Begin your copy at the line with "品牌的三位代言人:斯蒂芬·库里、演员巨石强森、芭蕾舞蹈家 Misty Copeland" in the records below and end it at the line with "everything changes |", restating each line word for word; omit the pictures.
--- Record excerpts Enclosed Below ---
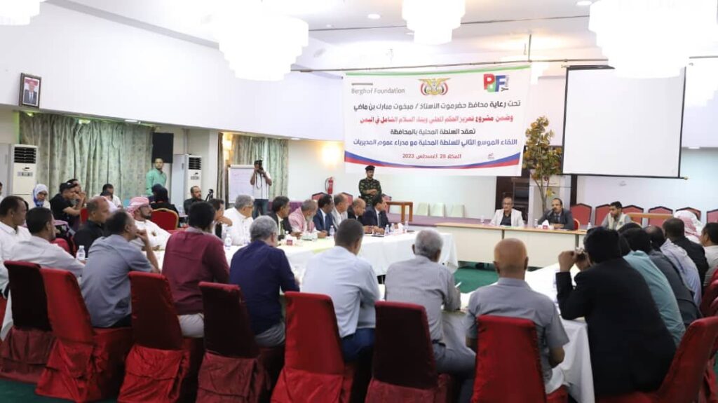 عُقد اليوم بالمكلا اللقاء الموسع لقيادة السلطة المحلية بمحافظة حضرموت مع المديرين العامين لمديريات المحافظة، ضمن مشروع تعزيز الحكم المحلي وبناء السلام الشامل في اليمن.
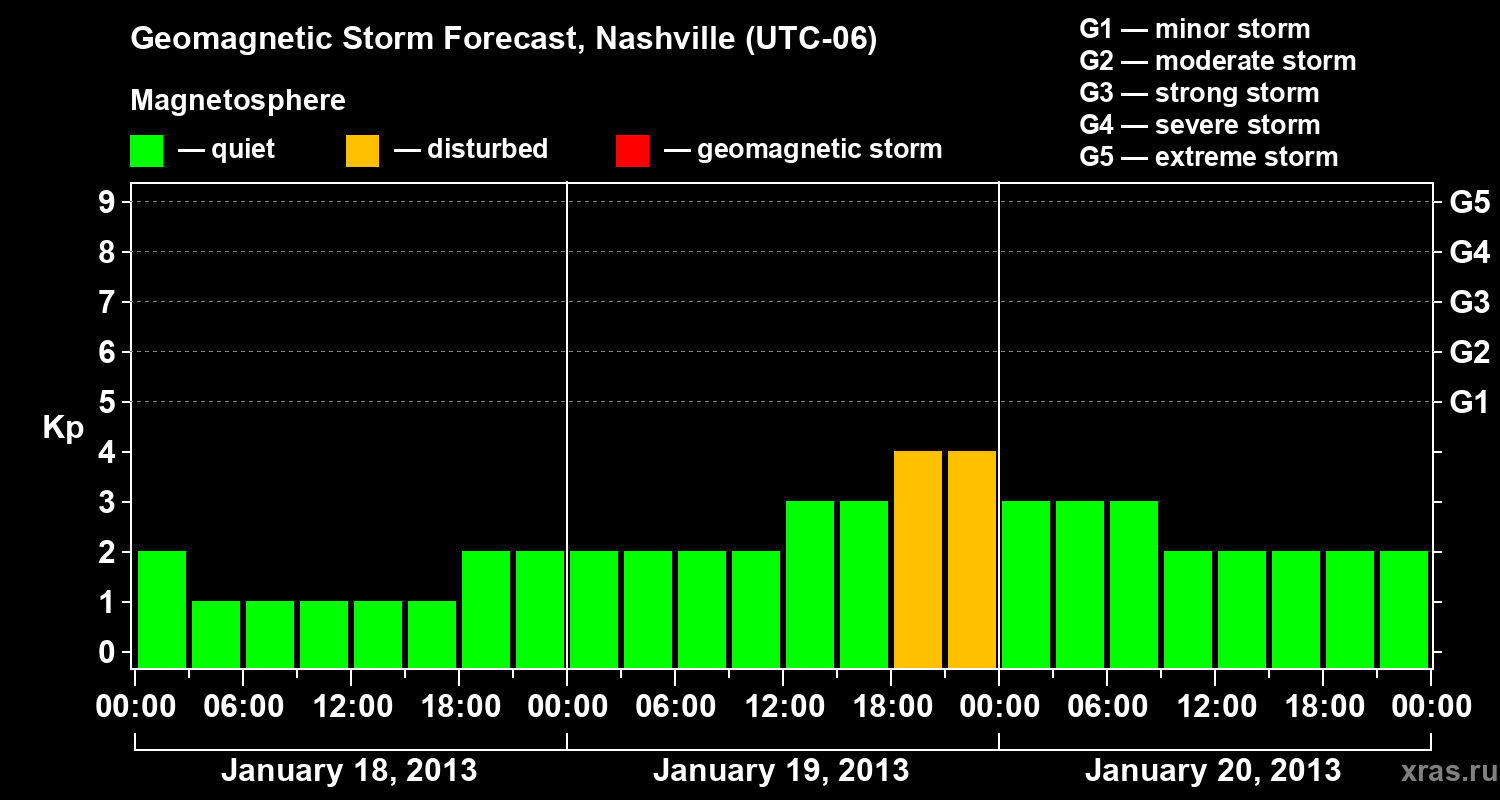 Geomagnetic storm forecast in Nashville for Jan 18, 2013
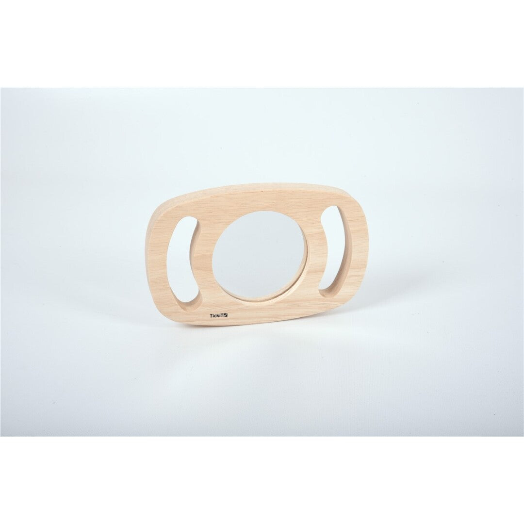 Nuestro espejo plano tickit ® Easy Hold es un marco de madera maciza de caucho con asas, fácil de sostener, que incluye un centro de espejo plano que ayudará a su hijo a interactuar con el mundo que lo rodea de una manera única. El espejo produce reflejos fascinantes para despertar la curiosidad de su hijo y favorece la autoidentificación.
--- End of Enclosed Record excerpts ---
--- Record excerpts Enclosed Below ---
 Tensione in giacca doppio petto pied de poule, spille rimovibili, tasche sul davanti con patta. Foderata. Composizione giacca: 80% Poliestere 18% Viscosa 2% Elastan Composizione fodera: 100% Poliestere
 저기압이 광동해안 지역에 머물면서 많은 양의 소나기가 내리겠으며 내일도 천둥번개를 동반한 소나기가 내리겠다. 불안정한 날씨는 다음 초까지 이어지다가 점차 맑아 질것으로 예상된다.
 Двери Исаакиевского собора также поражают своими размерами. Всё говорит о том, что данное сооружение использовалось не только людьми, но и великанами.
--- End of Enclosed Record excerpts ---
--- Record excerpts Enclosed Below ---
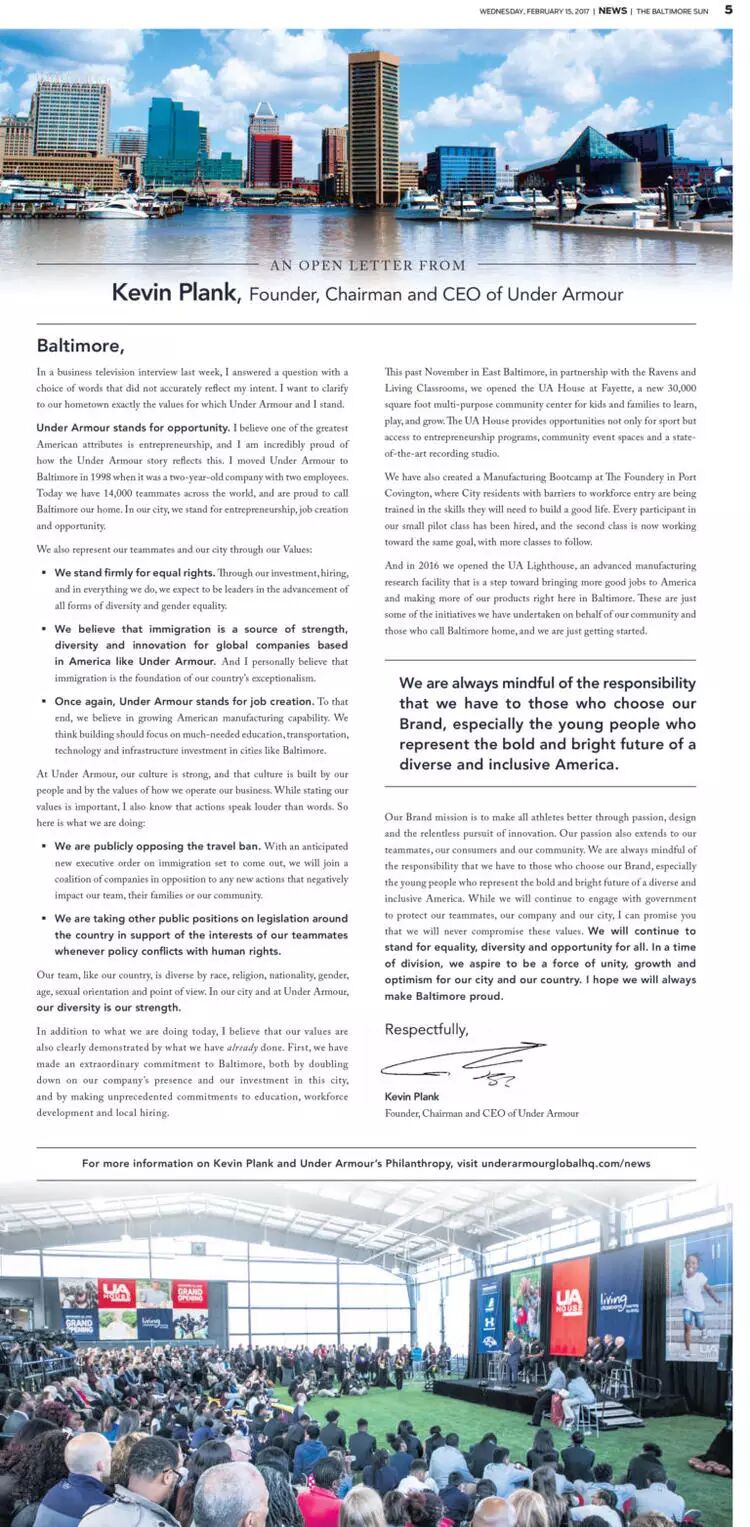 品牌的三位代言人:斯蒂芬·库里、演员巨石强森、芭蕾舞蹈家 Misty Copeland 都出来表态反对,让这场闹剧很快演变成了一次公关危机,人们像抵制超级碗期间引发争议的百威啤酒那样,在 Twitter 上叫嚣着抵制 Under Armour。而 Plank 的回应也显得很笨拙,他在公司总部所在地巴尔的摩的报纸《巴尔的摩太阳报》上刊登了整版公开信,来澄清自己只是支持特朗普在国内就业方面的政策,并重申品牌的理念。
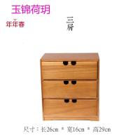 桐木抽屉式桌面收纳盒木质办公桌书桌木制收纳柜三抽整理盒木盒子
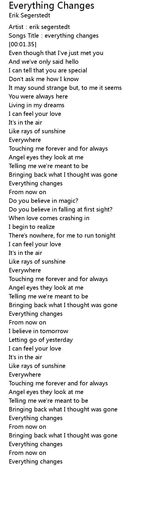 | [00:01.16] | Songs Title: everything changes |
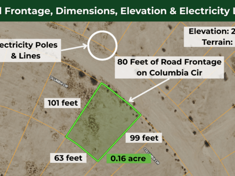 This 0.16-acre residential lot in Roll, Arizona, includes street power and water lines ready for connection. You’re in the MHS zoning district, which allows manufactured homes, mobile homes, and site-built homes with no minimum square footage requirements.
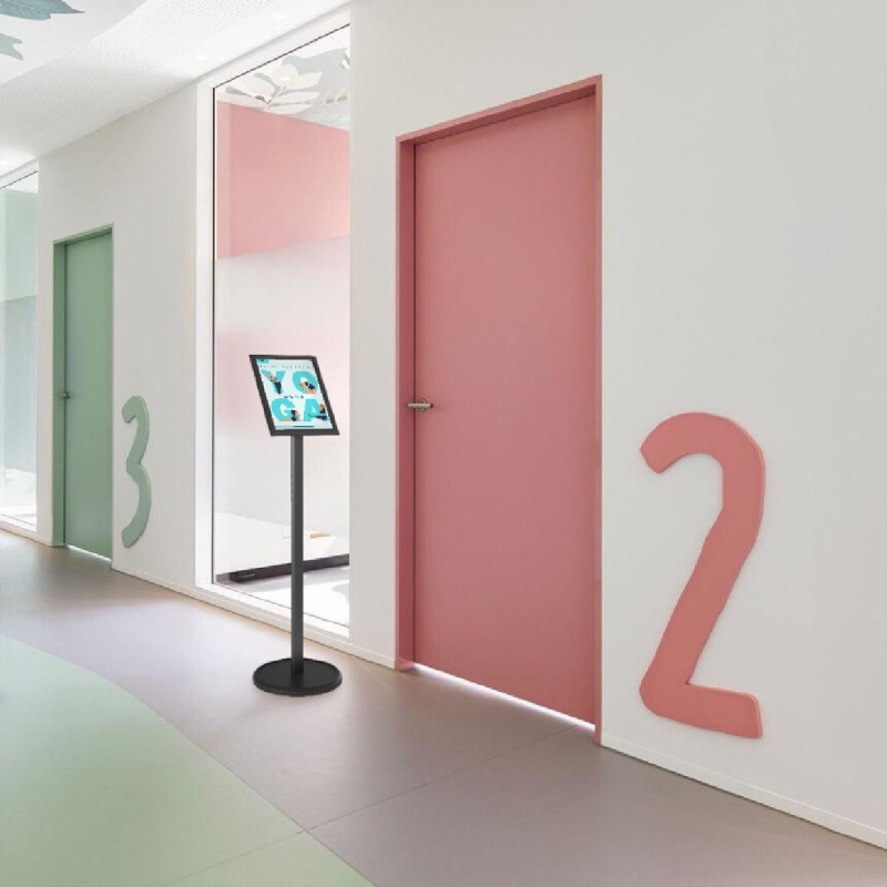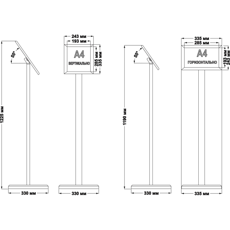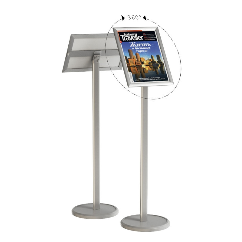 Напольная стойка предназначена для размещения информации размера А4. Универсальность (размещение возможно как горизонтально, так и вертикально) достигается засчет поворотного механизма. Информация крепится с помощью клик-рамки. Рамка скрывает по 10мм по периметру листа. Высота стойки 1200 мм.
--- End of Enclosed Record excerpts ---
- Response below -
 品牌的三位代言人:斯蒂芬·库里、演员巨石强森、芭蕾舞蹈家 Misty Copeland 都出来表态反对,让这场闹剧很快演变成了一次公关危机,人们像抵制超级碗期间引发争议的百威啤酒那样,在 Twitter 上叫嚣着抵制 Under Armour。而 Plank 的回应也显得很笨拙,他在公司总部所在地巴尔的摩的报纸《巴尔的摩太阳报》上刊登了整版公开信,来澄清自己只是支持特朗普在国内就业方面的政策,并重申品牌的理念。
 桐木抽屉式桌面收纳盒木质办公桌书桌木制收纳柜三抽整理盒木盒子
 | [00:01.16] | Songs Title: everything changes |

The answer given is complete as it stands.